Marée noire : un accident qui tombe à pic ?

L’explosion sur la plateforme pétrolière Deepwater Horizon pourrait provoquer ce que le président Obama qualifie déjà de pire marée noire de l’histoire des États-Unis. À terme, pourtant, cet accident aura aussi des conséquences salutaires à l’échelle de la planète.

D’abord, il met sur le devant de la scène le résultat des négociations entre États et compagnies pétrolières pour établir les normes de sécurité dans l’industrie.

On apprend ainsi que BP, qui prend toute la responsabilité de l’accident, s’est déjà battue pour empêcher l’adoption de normes concernant les valves de sécurité pouvant être actionnées à distance.

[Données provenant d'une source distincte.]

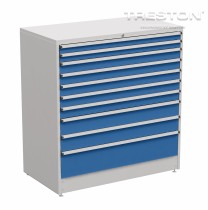 Centrálně uzamykatelké zásuvkové jednotky z vysoce kvalitní oceli nabízí prostor pro skladování nástrojů a malých součástek. Zásuvkové skříňky jsou pokryty epoxidovou ochrannou vrstvou, centrálním zamykáním a úchytkou z eloxovaného hliníku po celé šířce zásuvky. Hladké a tiché teleskopické kuličkové výsuvy poskytují snadné otevření.

La marée voire va forcer les autorités américaines à remettre le nez dans leurs normes pour s’apercevoir que, surtout sous la présidence de George Bush, elles ont laissé beaucoup trop de marge de manœuvre à l’industrie.

Deepwater Horizon n’était pas une vieille plateforme pourrie, elle avait été construite en 2001 par une compagnie innovante, Transocean, qui détient 19 des 23 records de forage en profondeur établis par le passé.

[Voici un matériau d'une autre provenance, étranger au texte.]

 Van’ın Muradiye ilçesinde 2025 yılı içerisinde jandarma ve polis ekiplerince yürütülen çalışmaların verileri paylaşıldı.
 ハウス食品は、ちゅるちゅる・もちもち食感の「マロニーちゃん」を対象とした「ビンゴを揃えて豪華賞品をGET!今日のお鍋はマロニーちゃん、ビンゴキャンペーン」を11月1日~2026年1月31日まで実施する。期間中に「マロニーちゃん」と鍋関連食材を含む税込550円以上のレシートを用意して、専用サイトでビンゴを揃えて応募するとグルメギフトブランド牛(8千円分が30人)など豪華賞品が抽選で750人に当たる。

Comme il n’est pas question d’interdire le forage (on a bien trop besoin de pétrole pour ça !), on va sûrement voir un certain resserrement des normes, comme cela s’est passé après le naufrage de l’Exxon Valdez en 1989.

Six mois après cet accident, les États-Unis adoptaient l’Oil Pollution Act qui a obligé les navires à se doter d’un double fonds, pour diminuer le risque de déversement accidentel.

L’Europe, elle, a décidé d’interdire le transport de pétrole dans les navires à simple coque après les naufrages de l’Érika et du Prestige.

Ce n’est pas parfait, mais c’est déjà mieux. On peut toujours viser le risque zéro, mais c’est une illusion.

Le Canada a aussi des leçons à tirer de cet accident. Il n’y a pas encore de forage pétrolier dans l’Arctique, mais ce n’est qu’une question de temps. Or, BP et d’autres compagnies sont déjà à l’œuvre pour assouplir les normes.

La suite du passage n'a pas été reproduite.